В вагон со стороны хвоста электрички зашло два контролера. Средних лет мужики в форменных фуражках и куртках. Тот, что поменьше ростом, взял левую сторону, ту, на которой сидели мы, а контролер повыше правую. Утром и днем они проверяли по другой схеме: заходили с разных сторон и двигались навстречу друг другу, как опытные загонщики, не позволяя никому сбежать. Зайцы платили по единой необременительной таксе в десять тысяч рублей с носа вне зависимости от протяженности поездки. Прошерстив таким образом всю электричку, контролеры садились в последнем вагоне, пересчитывали выручку и честно делили заработанное на три части. По одной части они забирали себе, а на третью оформляли несколько штрафных квитанций, чтобы отчитаться. Но вечером за усердие можно было и огрести по полной, нарядов милиции в электричках не было, поэтому в это время контролеры применяли тактику вытеснения, давая зайцам возможность, свободно переходя из одного вагона в другой, бесплатно доезжать до своей станции. Но мы с Алеком, допив уже по третьей бутылке пива, слишком отяжелели для того, чтобы бегать по вагонам. К тому же у Алека вдруг проснулось острое желание поучить контролеров жизни: он вытянулся на деревянной скамейке и, фирменно ухмыляясь, опустил очки на нос, как забрало у рыцарского шлема. Но контролеры явно были опытными мужиками и, прочухав, что два подвыпивших парня вместо того, чтобы немного поделиться дензнаками, не прочь подраться, не сговариваясь, прошли мимо, даже не посмотрев в нашу сторону.

– Э... – протянув руку в сторону уходящих контролеров, только и успел произнести Алек.

– Ты драться собрался или бикс снимать?

– И то и другое.

– Не получится. Если подеремся, то надо будет соскакивать где-нибудь, не доезжая вокзала, чтобы нас там не взяли. Врубаешься?

– И чо?

– А то, что тогда мы не успеем доехать до клуба, и все соски, не дождавшись нас, в слезах разбредутся по домам.

Алек заржал на весь вагон. Единственный пассажир, вжав голову в плечи, вышел в тамбур вслед за контролерами.

Небольшой клуб "Минотавр" находился на площади Мужества в одной из двух высоток. Вокруг станции метро шла стройка. Разрытые котлованы, ограждающие их бетонные заборы, плотно сжимали ее почти с четырех сторон, оставив только узкий проход к Политехнической улице. Дорожка из вестибюля метро до площади, тесно заставленная с двух сторон разнокалиберными ларьками, жавшимися к строительному забору, была перекопана.

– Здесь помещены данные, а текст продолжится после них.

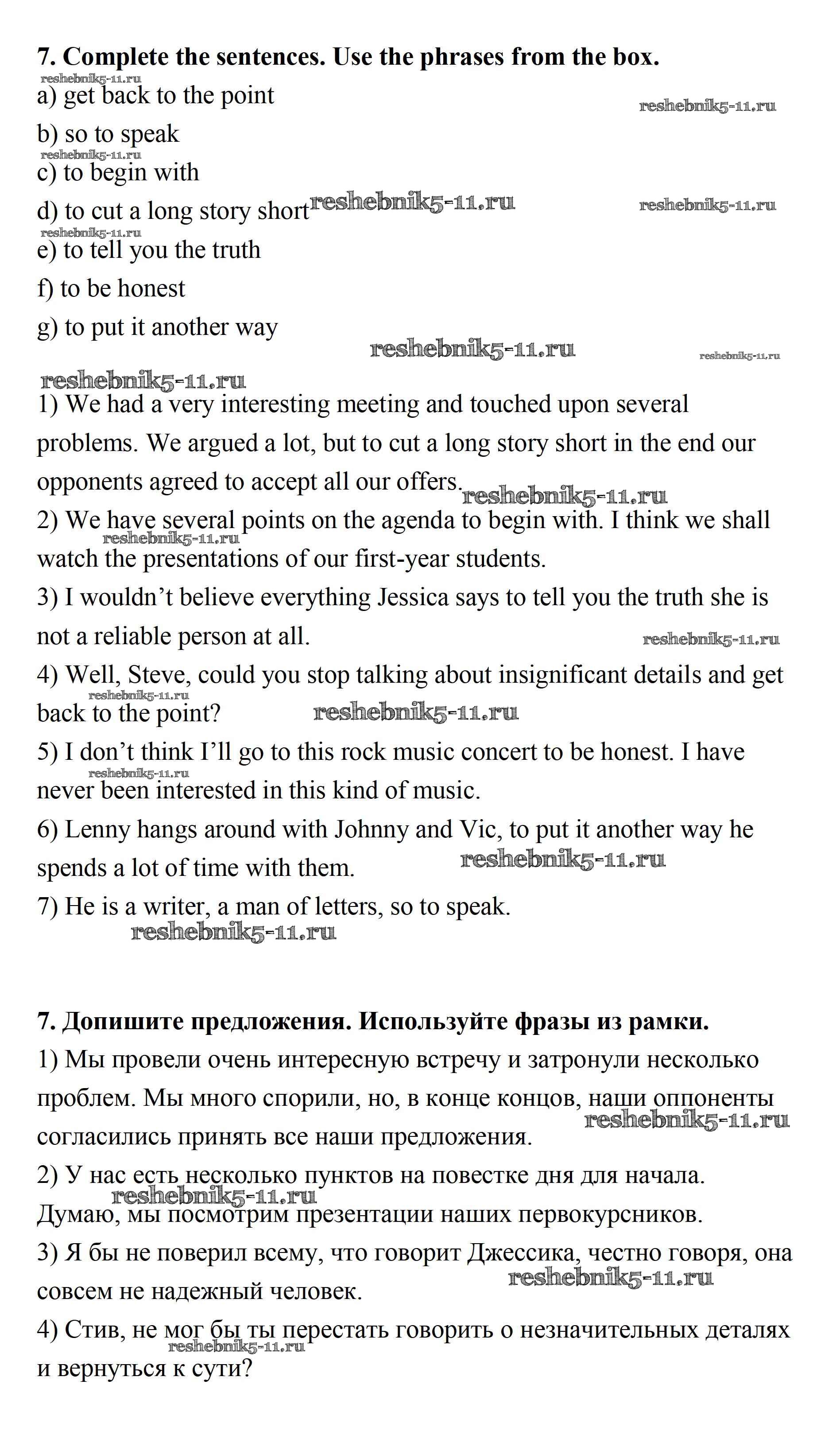 Готовая домашняя работа с ответами по Английскому языку за 11 класс Афанасьева, Михеева, Баранова Учебник Rainbow Базовый уровень Дрофа 2017 ФГОС - Step 9 7

Утром, днем и вечером две встречные вереницы людей непрерывно пробирались через лужи и грязь к метро и из него. Сложенные картонные коробки, сломанные деревянные поддоны служили импровизированной мостовой, по которой, оскальзываясь и чертыхаясь, ползли люди, изредка останавливаясь у какого-нибудь киоска, чтобы купить сигарет, пива или шаверму. Груды мусора, состоящего из мятых жестяных пивных банок, пластиковых бутылок от всевозможных газировок, пустых неформатных бутылок, которые не принимали пункты стеклотары, сигаретных окурков и пачек, обломков каких-то бесконечных деревянных ящиков, использованных презервативов, видимо периодически выбрасываемых из ларьков, остатков недоеденной шавермы, валялись под ногами, никем не убираемые.

Сейчас народа уже не было, схлынувшая после семи вечера толпа оставила новый мусор, который лежал по краям дорожки и в пространстве между ларьками, запинанный туда случайными ногами многочисленных прохожих. Только возле фойе копошилась метровская уборщица, вытряхивая содержимое заплеванных урн в старое оцинкованное ведро, а растоптанный мусор сметая разлохмаченным веником с порога фойе к ларькам.

– По пивку еще, пожалуй, – предложил я, закуривая сигарету и рассматривая ассортимент ближайшего от выхода из метро еще работающего ларька.

– Мысль правильная, речи нет, – покивал Алек. – Юр, сигарету дай.

Я протянул ему пачку, продолжая рассматривать ряды бутылок с пивом.

– Хотя... – я почесал затылок, – нет, я буду джин-тоник.

– Тоже неплохой выбор, опять поддерживаю, – Алек достал деньги и пересчитал. – Сейчас угощаю, потом пьем на твои.

– Ты обсох что ли?

– Точно. Жизнь дала трещину, денег осталось пол-чемодана,  – стандартно пошутил он.

– Бля, но тогда только за вход отдадим и в клубе по стошке джина возьмем, и все. На бикс уже лавэ не остается. Будем снимать, как профессионалы, без вспомогательных средств. Только чистое искусство.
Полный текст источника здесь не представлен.